I don't know a lot about this strain, but from the reviews on the white labs site it says it ferments like the clappers.

Have you tried a yeast nutrient with it, it should benefit it.

UP
 
Firstly, thanks for the comments.....very useful.

My fermentation is relatively closely controlled temperature wise, certainly in the range of 20-23 degrees C and I feel that I aerate the wort well.....certainly worth a bit extra next time though :thumb:

I did quite a lot of reading on the strain and thought it would best suit my wants for lower gravity beers as the attenuation value quoted is greater than most, and this seemed quite important in hitting my desired FG.

Shane, food for thought I suppose.
I measure the alkalinty for each brew and dose with CRS and other salts using the forum calculator here.
Other than the alkalinity, the values entered are the averages from a water board report.

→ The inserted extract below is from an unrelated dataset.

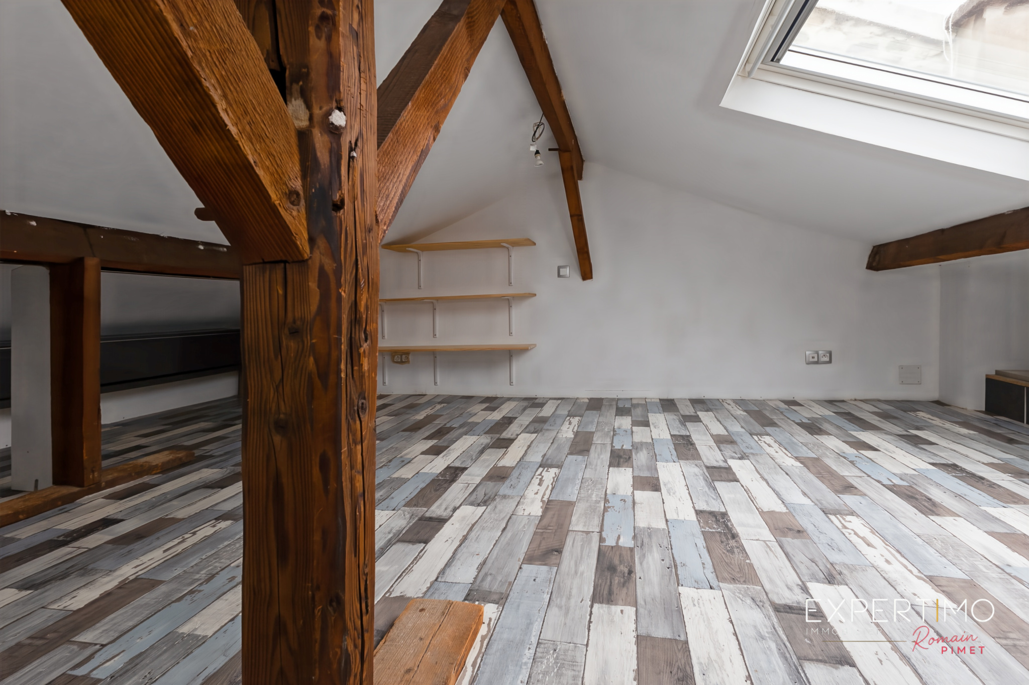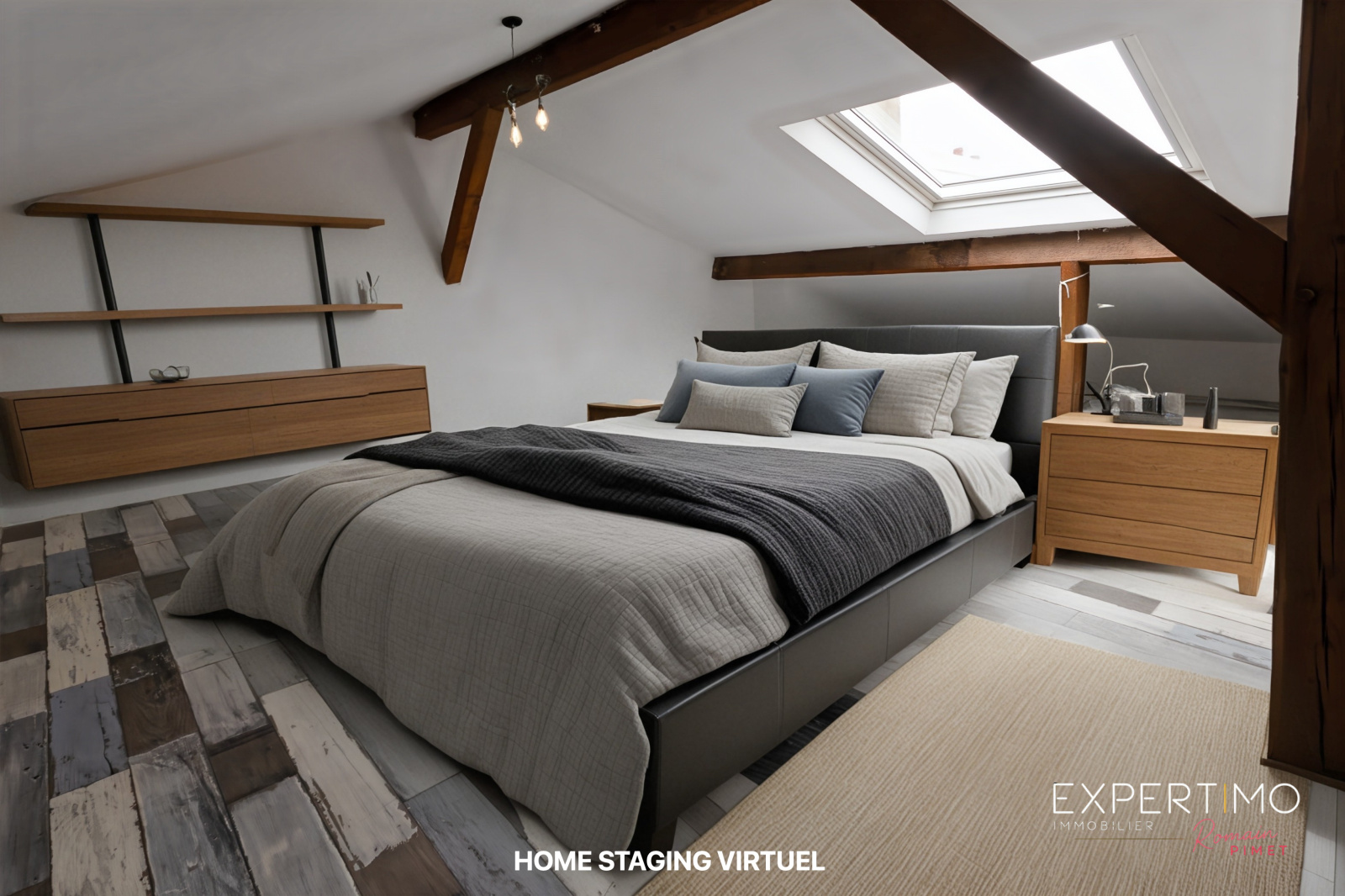 Les combles ont été aménagés pour créer une seconde chambre d’environ 26 m² au sol, idéale pour un espace nuit supplémentaire, un bureau ou une salle de loisirs.

I've measured the gravity again tonight and we're down to about 1026....so heading in the right direction.
I've given it another gentle bottom-up rouse.

dennis - I just haven't seen explosive from this yeast at all :wha:
I livened up the starter that I had grown with the actual wort I made on the day (for Gold Coin) and that seemed to be going very well after just 30 mins or.....pitched after about an hour and expected a very vigourous take off to be honest.

Thanks again guys, appreciate your time :D
 
Mark it might take a bit longer to ferment out but hope I find its worth it. Definitely my favorite yeast.